KONGRES Kebudayaan Indonesia ke-100 berakhir pada Minggu (9 Desember 2018) kemarin. Digelar selama lima hari (5-9 Desember), kongres ini diisi dengan rangkaian acara seperti forum, debat publik, kuliah umum, pidato kebudayaan, hingga konser musik. Ini adalah Kongres ke-100 sejak pertama kali diadakan pada tahun 1918. Kongres ini menghasilkan strategi kebudayaan nasional yang diharapkan menjadi pedoman untuk memajukan kebudayaan Indonesia hingga 20 tahun ke depan.

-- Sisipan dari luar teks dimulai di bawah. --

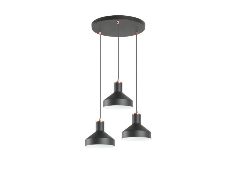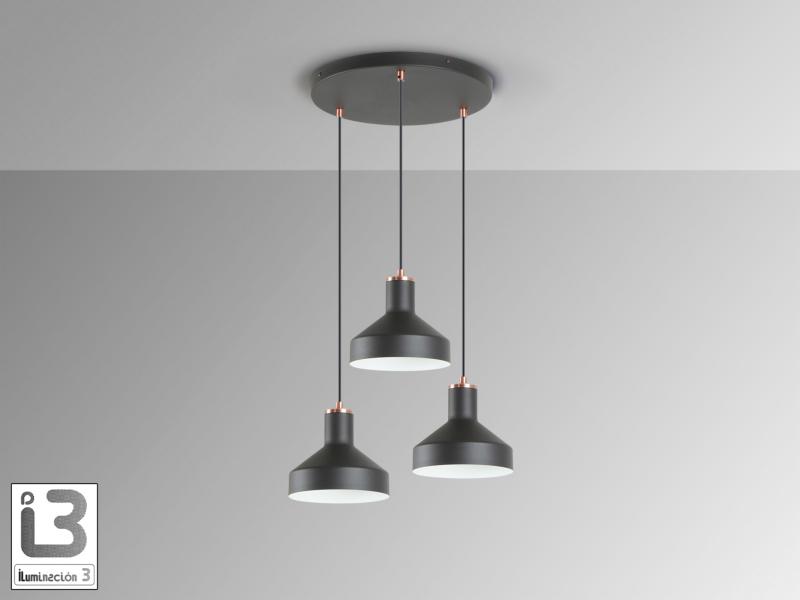 IRIAS LAMPARA 3L NEGRO-COBRE D45 - ILUMINACION i3 By SCHULLERLámpara redonda de 3 luces realizada en metal acabado negro mate y detalles en cobre satinado. Altura regulable. 3 E27 Material/Tonalidad - Materiales: Metal./Metal - Acabado: Negro mate, cobre satinado./Ma Iluminación - Potencia Eléctrica: 3x20W - Tensión: 110/220 V - Frecuencia: 50/60 Hz Medidas - Articulo: Diámetro 46 cms / Alto 17 cms - Lámpara instalada: Altura Mínima 35 cms / Altura Máxima 150 cms - Peso: 2,07 Kg - Pantalla/Tulipa: Diámetro 18 cms / Alto 16 cms - Florón de techo: Diámetro 35 cms / Alto 3 cms Otros Datos de Interés - IP: IP 20 - Código EAN: 8435435342913.0 - Colección: Irias
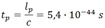 Otras magnitudes obtenibles a partir de esta idea son el tiempo de Planck que le lleva a la luz recorrer dicha distancia:
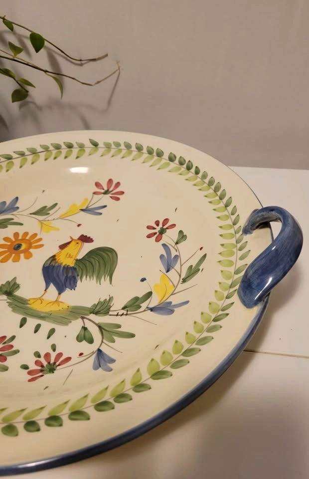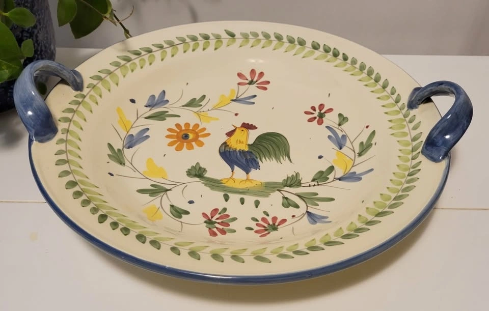 Ceramic serving dish with handles, 13.5" diameter.
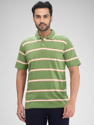 Colorplus Green Stripe Comfort Fit Half Sleeve Cotton T-Shirt
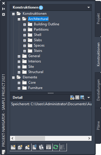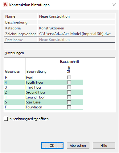 | Benennen der neuen Konstruktion | Geben Sie einen Namen ein. Bei Verwendung der Projektnummer als Präfix für Projektdateinamen ist es nicht nötig, hier ein Präfix einzugeben. Der vollständige Name mit Präfix wird unter Dateiname angezeigt. |
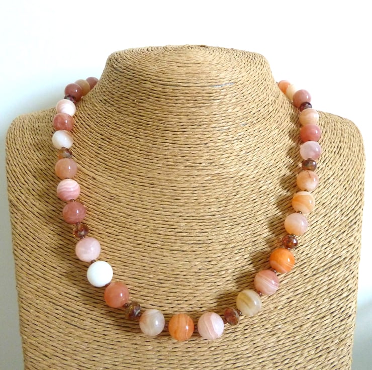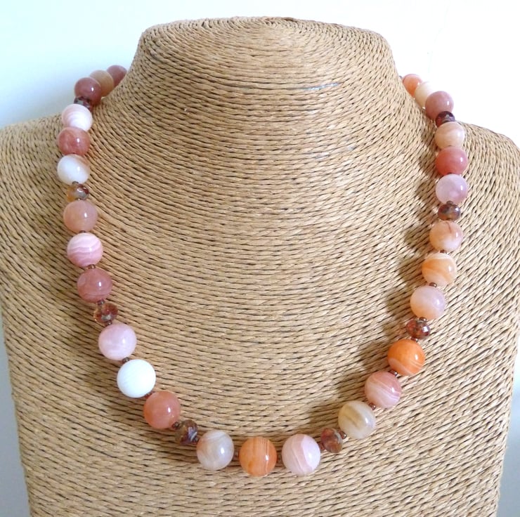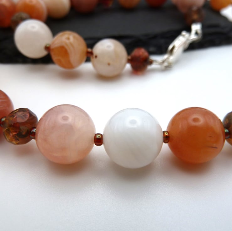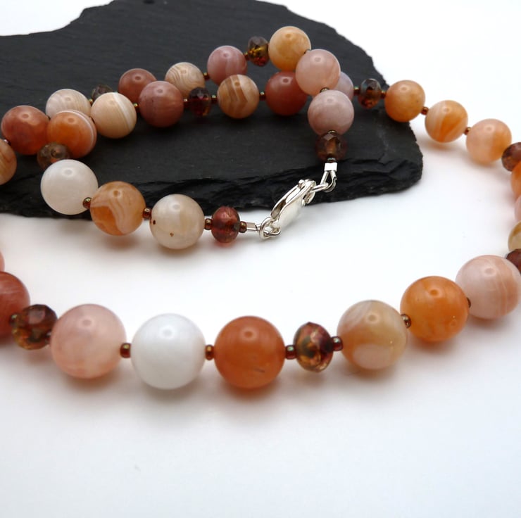 A necklace made with Botswana orange agate gemstone beads and Czech glass beads. The necklace fastens with a sterling silver lobster clasp.
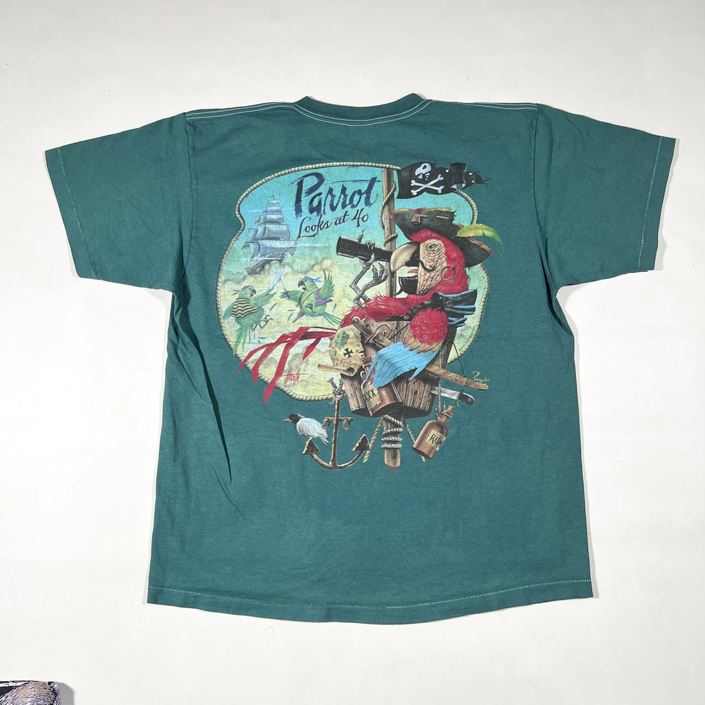 This shirt was originally white and has been hand-dyed by me to a green/teal tone, giving it a one-of-one custom look. The dye job adds character and depth, and subtle variation in tone should be expected. Perfect for collectors of 90s novelty graphics, parrot / pirate imagery, or anyone into loud back-print tees. We suggest you wash this shirt with like colors.
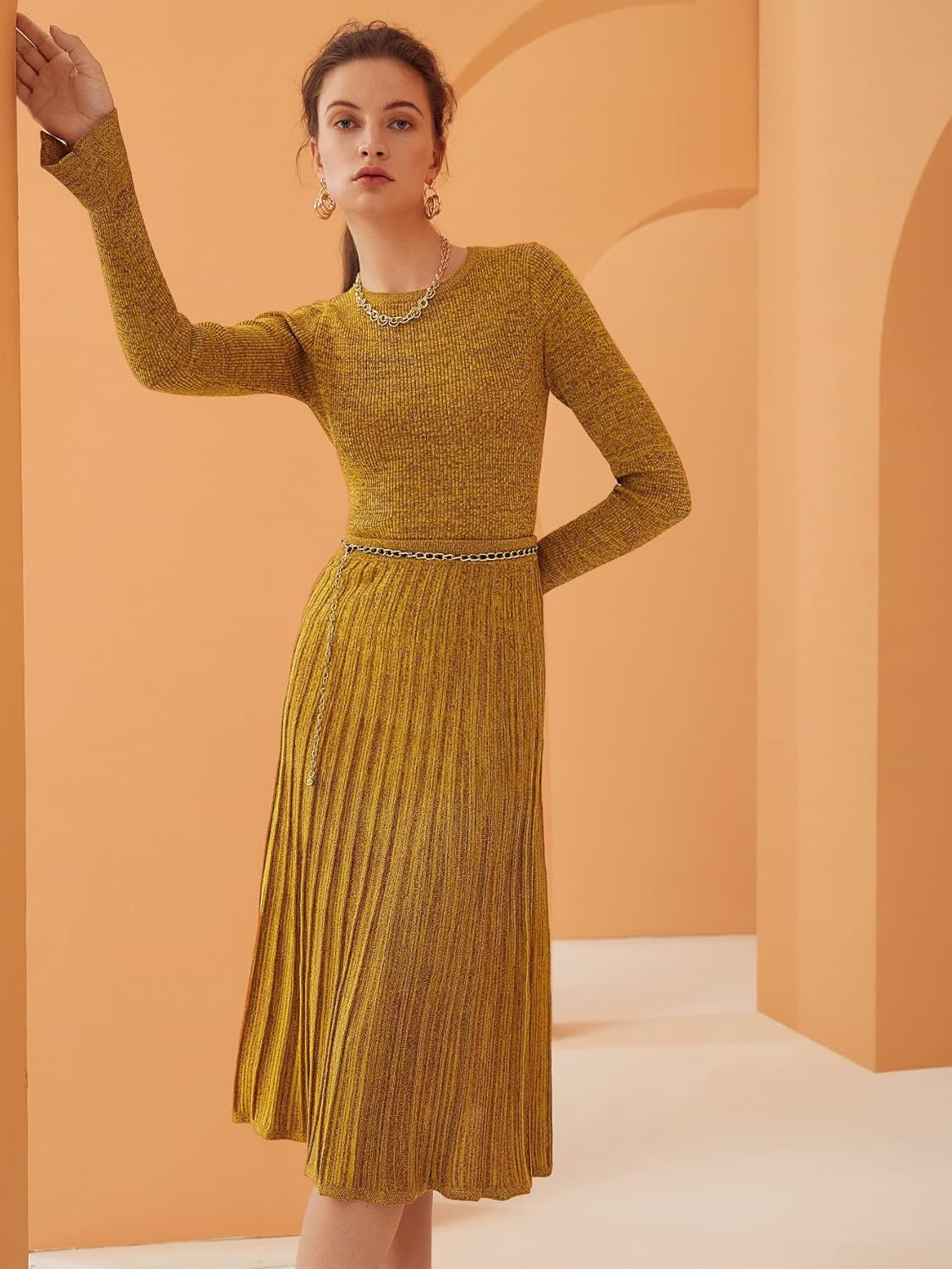 SBust : 22.8 inchCuff : 11 inchLength : 20.5 inchShoulder : 10.6 inchSleeve Length : 26 inchMBust : 24.4 inchCuff : 11.8 inchLength : 21.3 inchShoulder : 11 inchSleeve Length : 26.4 inchLBust : 26 inchCuff : 12.6 inchLength : 22 inchShoulder : 11.4 inchSleeve Length : 26.8 inchColor: Mustard YellowStyle: CasualPattern Type: PlainType: PulloversNeckline: Round NeckSleeve Length: Long SleeveSleeve Type: Regular SleeveLength: CropFit Type: Slim FitFabric: Medium StretchMaterial: PolyesterComposition: 100% PolyesterCare Instructions: Machine wash or professional dry cleanSheer: No

Ada tujuh isu strategis dalam Strategi Kebudayaan tersebut yang akan disusun menjadi Rencana Induk Pemajuan Kebudayaan (RIPK). Rencana Induk ini akan menjadi acuan pemerintah dalam menyusun Rencana Pembangunan Jangka Menengah Nasional (RPJMN) mendatang.


Ketujuh agenda stategis itu adalah:

PERTAMA, menyediakan ruang bagi keragaman ekspresi budaya dan mendorong interaksi budaya untuk memperkuat kebudayaan yang insklusif.

KEDUA, melindungi dan mengembangkan nilai, ekspresi, dan praktik kebudayaan tradisional untuk memperkaya kebudayaan nasional.

KETIGA, mengembangkan dan memanfaatkan kekayaan budaya untuk memperkuat kedudukan Indonesia di dunia internasional.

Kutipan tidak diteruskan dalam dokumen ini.